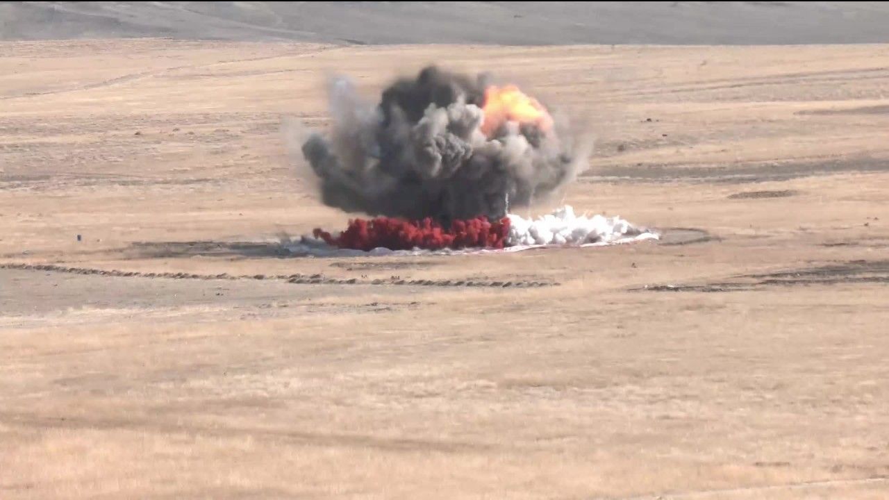 Fırtına obüslerinin hedefleri vurmasından sonra Skorsky tipi helikopterler, topları ve CH-47 Chinook nakliyet helikopterleri, mühimmat dolu konteynerleri alana taşıdı. Alana, havadan taşınan topların hedefe yönelik yaptığı görerek atış sonrası obüsler tarafından tesir atışı yapıldı. Atışların aynı anda hedefe düşmesinin ardından Atak taarruz helikopterinden oluşan helikopter taburu alana gelerek atış yaptı.
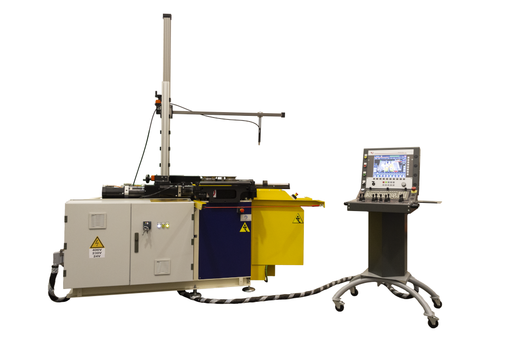Two-way bending machine unique in the industry optionable with tube rotation axis for 360° bends,available either fully electric or hydraulic
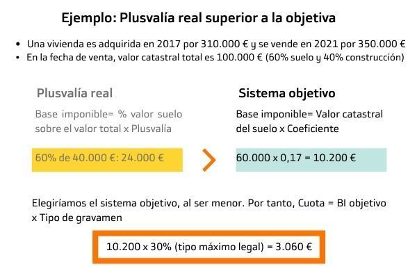 - La plusvalía real, calculada en base a la diferencia entre el valor de adquisición del terreno y el valor de venta.
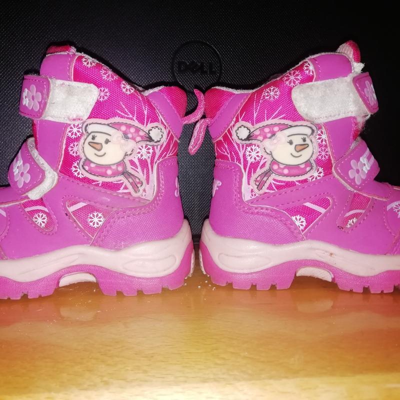 Классные ботинки с системой антискольжения, размер 22. Длина стельки есть на фото, листайте. Внутри овчинка, очень тёплые. Из нюансов, счесаны носки на носку никак не влияет. Носили один сезон, ноги всегда были тёплые и сухие.
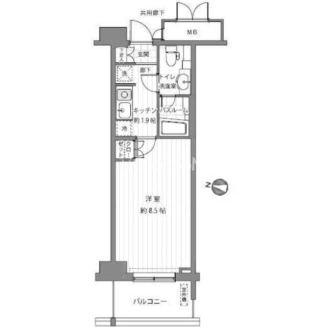 | 間取り | 1K | 専有面積 | 25.58㎡ |
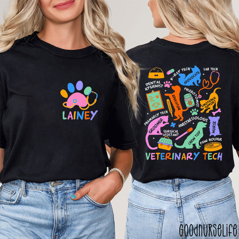 Personalized Name Veterinary Tech Xray Tech Nurse Two Sided T-Shirt
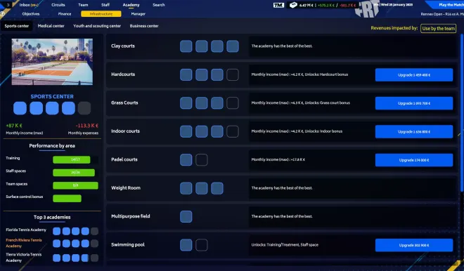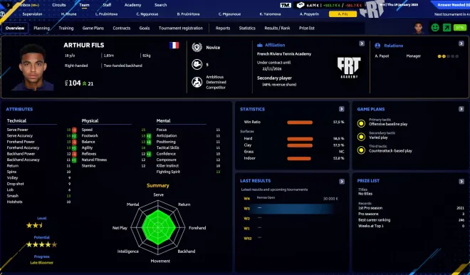 In Tennis Manager 2023, strategic management is key to your success. Ensure financial stability, negotiate contracts, and make structural investments wisely to achieve both short-term and long-term goals. Impress your demanding board of directors with your astute decision-making and become the reference with your own coaching and managing style.
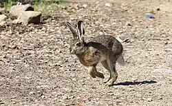 Its population appears to be declining and it is classified as "Vulnerable" by the International Union for Conservation of Nature (IUCN).[1] It is threatened by habitat loss, hunting and competition with European rabbits and introduced populations of European hares. It is now protected from hunting but the similarity between this species and the European hare makes protection difficult to enforce.[1]

### HOW TO COMPLETE THIS TASK
Every record must be set down again exactly; pictures do not belong in the copy.

### TASK ANSWER
 Fırtına obüslerinin hedefleri vurmasından sonra Skorsky tipi helikopterler, topları ve CH-47 Chinook nakliyet helikopterleri, mühimmat dolu konteynerleri alana taşıdı. Alana, havadan taşınan topların hedefe yönelik yaptığı görerek atış sonrası obüsler tarafından tesir atışı yapıldı. Atışların aynı anda hedefe düşmesinin ardından Atak taarruz helikopterinden oluşan helikopter taburu alana gelerek atış yaptı.
Two-way bending machine unique in the industry optionable with tube rotation axis for 360° bends,available either fully electric or hydraulic
 - La plusvalía real, calculada en base a la diferencia entre el valor de adquisición del terreno y el valor de venta.
 Классные ботинки с системой антискольжения, размер 22. Длина стельки есть на фото, листайте. Внутри овчинка, очень тёплые. Из нюансов, счесаны носки на носку никак не влияет. Носили один сезон, ноги всегда были тёплые и сухие.
 | 間取り | 1K | 専有面積 | 25.58㎡ |
 Personalized Name Veterinary Tech Xray Tech Nurse Two Sided T-Shirt
 In Tennis Manager 2023, strategic management is key to your success. Ensure financial stability, negotiate contracts, and make structural investments wisely to achieve both short-term and long-term goals. Impress your demanding board of directors with your astute decision-making and become the reference with your own coaching and managing style.
 Its population appears to be declining and it is classified as "Vulnerable" by the International Union for Conservation of Nature (IUCN).[1] It is threatened by habitat loss, hunting and competition with European rabbits and introduced populations of European hares. It is now protected from hunting but the similarity between this species and the European hare makes protection difficult to enforce.[1]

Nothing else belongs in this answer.